Accordingly, in some embodiments, well-known components, well-known operations and well-known techniques are not specifically described in order to avoid ambiguous interpretation of the present invention.

In addition, the same reference numerals refer to the same components throughout the specification, and the terms used (mentioned) in the specification are for explaining embodiments and are not intended to limit the present invention.

In this specification, the singular also includes the plural unless specifically stated in the phrase, and elements and operations referred to as 'including (or, including)' do not exclude the presence or addition of one or more other elements and operations. .

Unless otherwise defined, all terms (including technical and scientific terms) used in this specification may be used with meanings that can be commonly understood by those skilled in the art to which the present invention pertains.

Additionally, terms defined in commonly used dictionaries are not interpreted ideally or excessively unless they are defined.

Hereinafter, preferred embodiments of the present invention will be described with reference to the attached drawings.

Figure 1 is a side view of a natural filtration type filter according to the present invention, Figure 2 is a front view of the natural filtration type filter according to the present invention, and Figure 3 is a plan view for explaining the seawater supply means of the natural filtration type filter according to the present invention. , Figure 4 is a plan view for explaining the filtering pipe assembly of the natural filtration type filter according to the present invention, Figure 5 is a view showing the inclination state of the filtering pipe assembly of the natural filtration type filter according to the present invention, and Figure 6 is This is a diagram showing the lower surface of the filtering pipe assembly of the natural filtration type filter according to the present invention.
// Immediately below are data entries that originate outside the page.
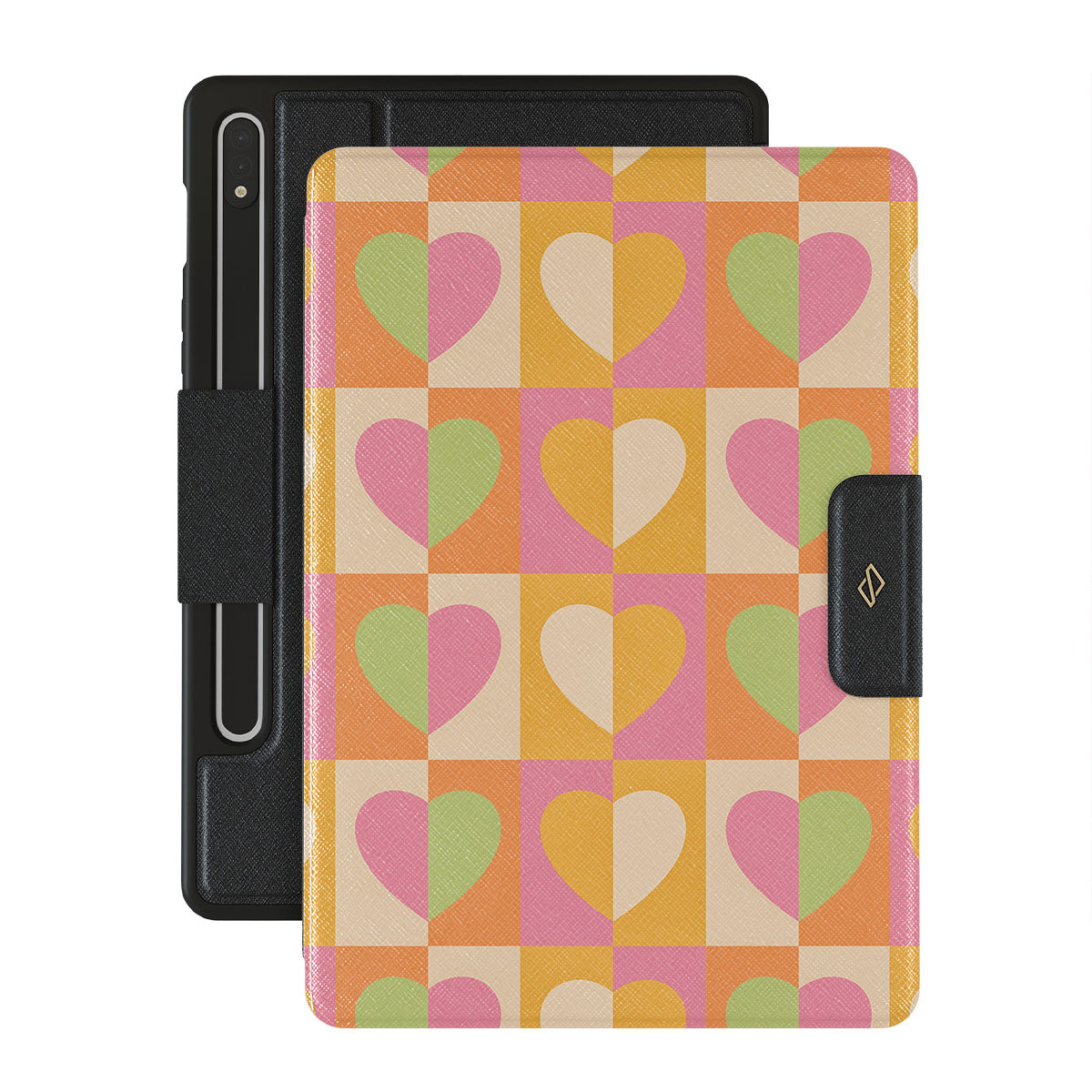 Beautifully geometrical and lovable Summer Love {Galaxy Tab Model} Samsung Galaxy Tab S9 folio case combines a soft pastel color scheme with a playful square heart pattern. Adding a touch of love to your style was never easier! Keep your Galaxy Tab as safe as you keep your heart in a cheeky checkered protective Galaxy Tab case!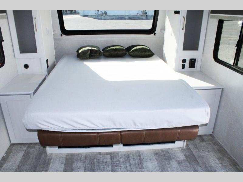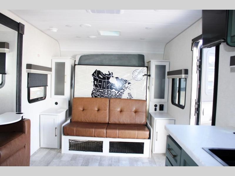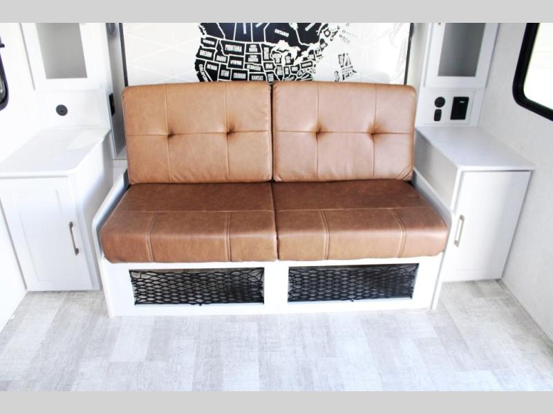 If you want to break free from the travel constraints of standard trailers, then you must choose the Forest River No Boundaries travel trailer because they are rugged and ready for adventure! These 18, 19, and 20 Series trailers are built with a laminated wall with aluminum construction and Azdel composite substrate for added durability. There is also a rugged tire and wheel package with a spare tire included, a fully enclosed underbelly, and a Cold Weather Package with 12V heated tank pads and forced air to help extend your camping season. A 15K A/C will provide comfort during the summer, and a Bluetooth speaker will let you listen to your favorite tunes while you're at the campground. Choose the optional Beast Mode Package for an additional 200W solar panel, 2,000W inverter, and Beast Mode independent suspension!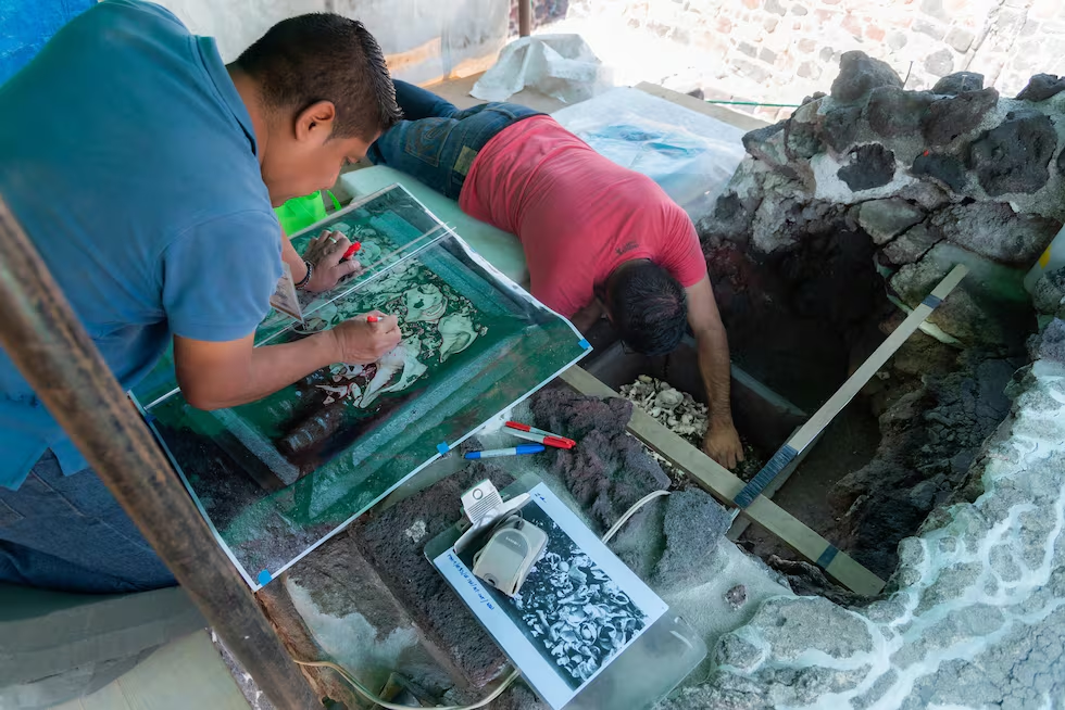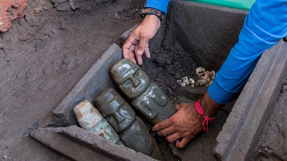 Los investigadores del Proyecto Templo Mayor rescatan seis cajas de piedra con decenas de estatuas de piedra verde, vestigios de las conquistas del rey azteca

Referring to FIGS. 1 to 6, the present invention includes a main body 100, a seawater supply means 200, a filtrated water discharge means 300, and a backwash water supply means 400.
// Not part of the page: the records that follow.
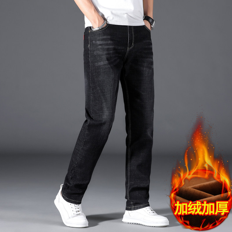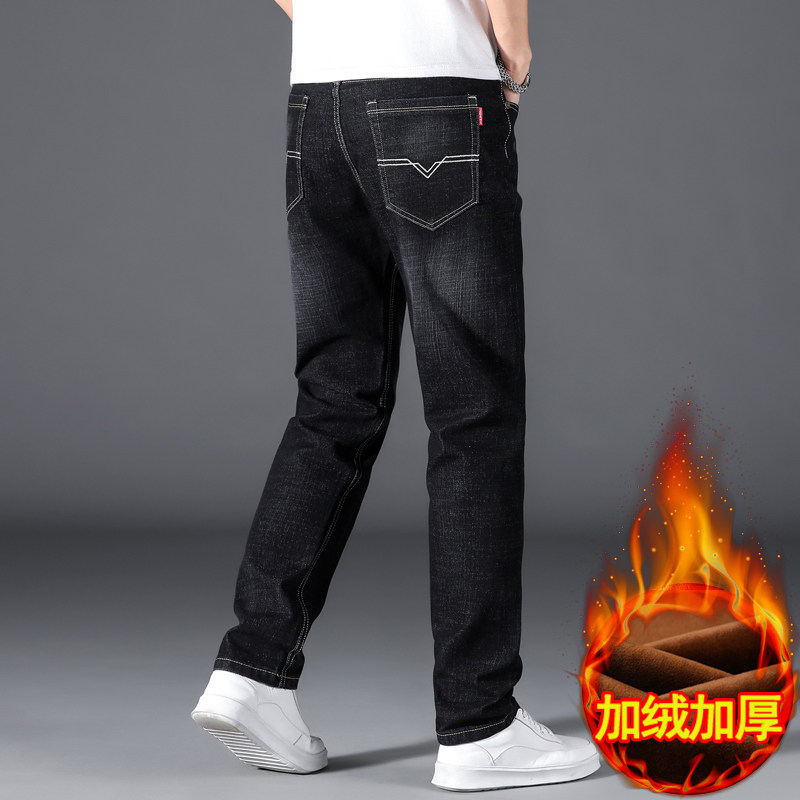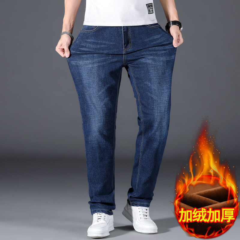 秋冬款牛仔裤男加绒加厚宽松直筒加肥加大码中年水洗男裤2025新款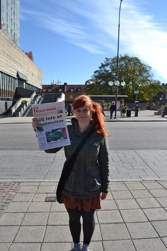 | Keywords: Lolloprol.jpg sv Proletärenförsäljare på Olof Palmes torg i Örebro september 2011 Rubrikerna är Sälj inte ut allmännyttan och Erkänn staten Palestina en Salesman of Proletären The Proletarian at the square Olof Palmes Torg in Örebro september 2011 Headlines are Dont sell the public owned houses and Acknowledge the state of Palestine 2011-09-24 own Hedman cc-zero Uploaded with UploadWizard Kommunistiska Partiet Newspapers of Sweden Standing women Red haired women | ||||
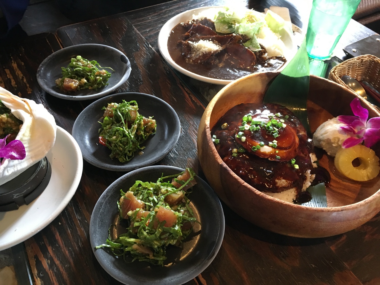 他はポキサラダ、ロコモコ、コナコーヒー等、ハワイらしいメニューを楽しみました。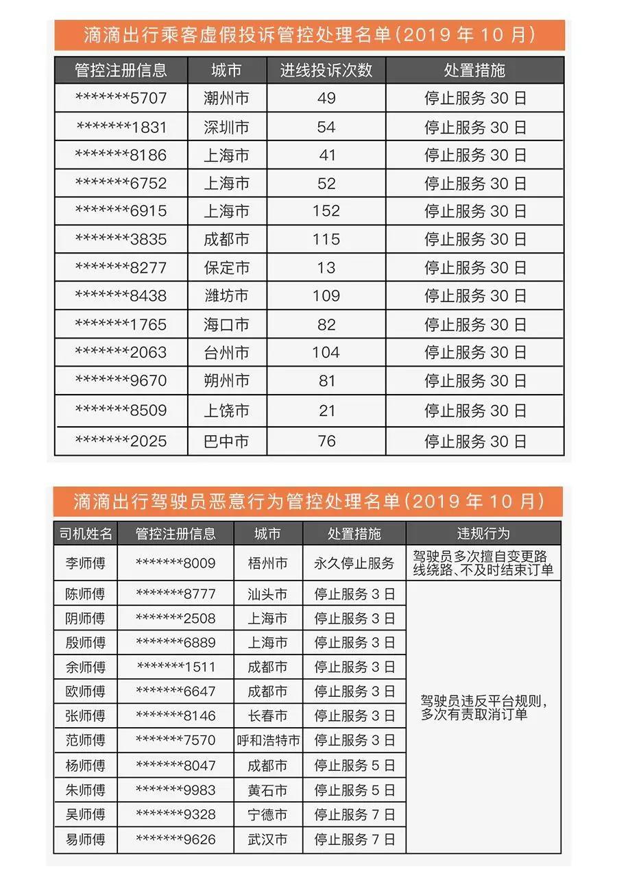 晶報2019年11月20日訊 11月20日,滴滴出行通過官方微信公眾號對10月違規(guī)司、乘“黑名單”進(jìn)行了公示。乘客黑名單中,惡意投訴次數(shù)最多的高達(dá)152次;司機(jī)黑名單中一位梧州市的李師傅因多次擅自變更路線繞路、不及時結(jié)束訂單等違規(guī)行為被永久停止服務(wù)。
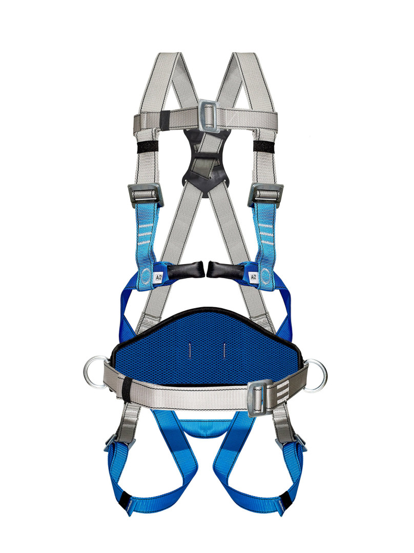Состоит из ремня с пряжкой, наплечных и набедренных лямок, эргономичного кушака, имеет 4 точки крепления стропа. Два D-кольца расположены на поясе – для позиционирования и удержания, одно на спине – для удержания и страховки, и петли на груди – для спасательных работ, страховки, поднятия и спуска рабочих в замкнутых пространствах, экстренной эвакуации.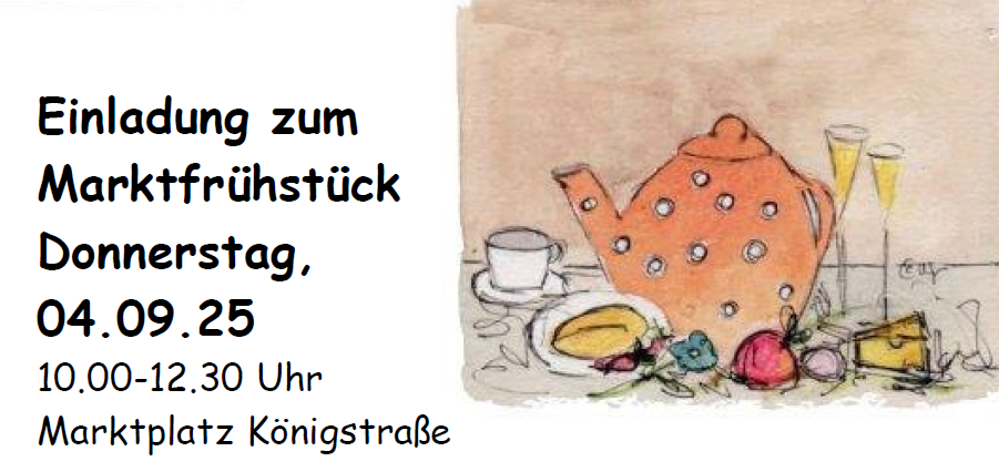 Das ASZ und die Bau AG laden am 4. September 2025 zu Sekt und Kaffee beim Marktfrühstück auf den schönen Donnerstagsmarkt an der Königstraße ein. An den Marktständen kann etwas Süßes oder Deftiges erworben werden. Zwischen 10 und 12.30 Uhr stellt das Wohn- und Pflegeheim Kessler Handorn seine neue Tagesstätte vor und Anuschka Molter vom Pflegestützpunkt Süd-Ost, sowie die Gemeindeschwester plus, Isolde Weisenstein […]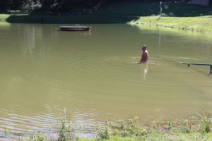 Frank hatte sich während meiner Abwesenheit bereits in die Fluten gestürzt. Gemeinsam gingen wir dann auch noch mal ins Wasser. Dieses war zwar kalt, aber bei gemeldeten 26 Grad, tat die Erfrischung im kühlen nass einfach nur gut.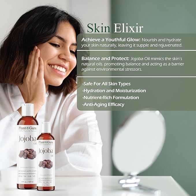 - ✅ SKIN PERFECTION - Immerse your skin in the unparalleled benefits of golden jojoba oil. Rich in antioxidants and nourishing properties, it deeply hydrates, rejuvenates, and balances your complexion. Combat dryness, promote elasticity, and achieve a radiant glow that speaks volumes about the health of your skin.

The main body 100 accommodates the filter medium 110 for filtering seawater inside and is usually made of concrete, but it is not necessarily limited thereto and various materials can be applied considering the scale of filtration and local environment. .

In addition, the filter medium 110 is used to filter various impurities contained in seawater, and is a general filter medium containing filter sand (filtering sand, classified into microfiber, small, medium, large, etc. depending on size) and gravel or diatomaceous earth. It is possible to use, and this is not necessarily limited to the above materials, and various known filter media can be used considering the area where the seawater is located, the environment, and filtration conditions.
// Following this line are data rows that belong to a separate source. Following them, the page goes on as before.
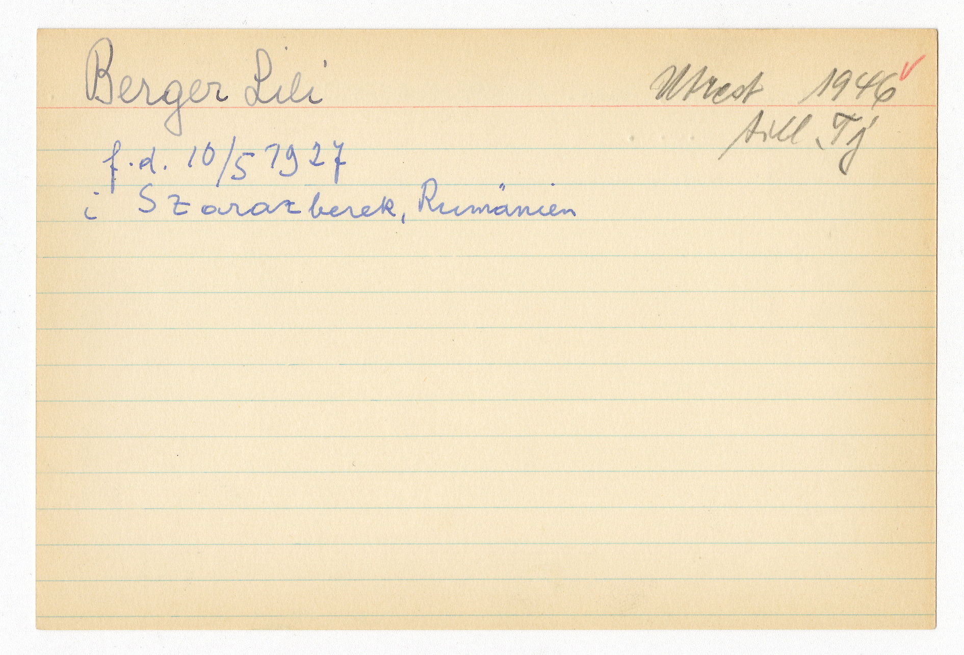 Registerkort Lili Berger och Rosa Stecklmacher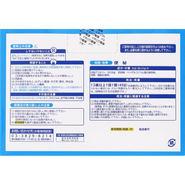 더 효과가 있었으면 하는 변비에, OTC 의약품에서의 최대 용량 40g의 이치지쿠 관장 40 시리즈의 최대 개수의 20개입입니다.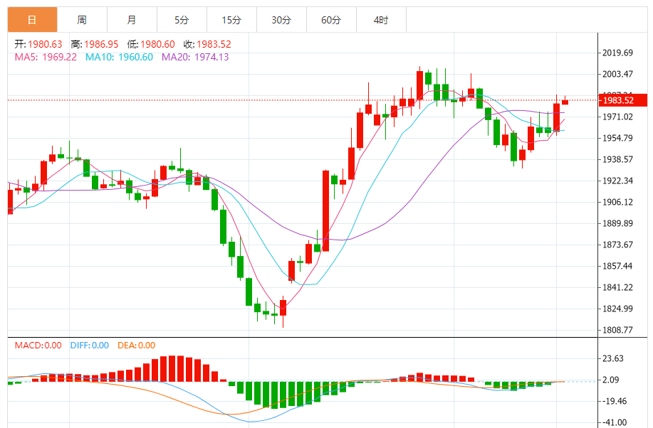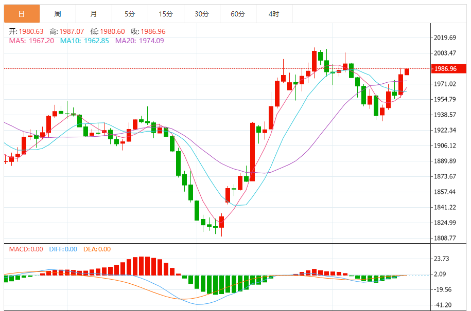 基本消息面 周五(11月17日)欧市早盘,现货黄金短线一波拉升,金价刚刚突破1986美元/盎司。金价已经确认攻克重要水平1975.00美元/盎司,这为金价进一步大涨打开空间。 相关新闻消息 现货黄金周四收市大涨21.86美元,涨幅1.12%,收报1981.11美元/盎司。 金价昨

The seawater supply means 200 is provided at the outer upper end of the main body 100 and supplies seawater to the main body 100 where the filter medium 110 is accommodated, and seawater flows in through the seawater inflow pipe 210. And, seawater is supplied to the main body 100 through a seawater supply pipe 230 that communicates with the seawater transfer pipe 220.

Meanwhile, a first electric valve 221 is provided at one end of the seawater transfer pipe 220. This is to suction and discharge the backwash water during backwashing through the backwash water supply means 400, which will be described later. That is, seawater is supplied or backwash water is sucked in and discharged through the operation of the first electric valve 221, which operates in conjunction with the second electric valve 421, which will be described later. At this time, the electric valve is a type of valve that is already known, and it is possible to apply a general electric valve that operates electrically by a set timer. That is, in conjunction with the first electric valve 221 and the second electric valve 421, which will be described later, seawater can be automatically supplied or backwash water can be sucked in and discharged by a preset timer.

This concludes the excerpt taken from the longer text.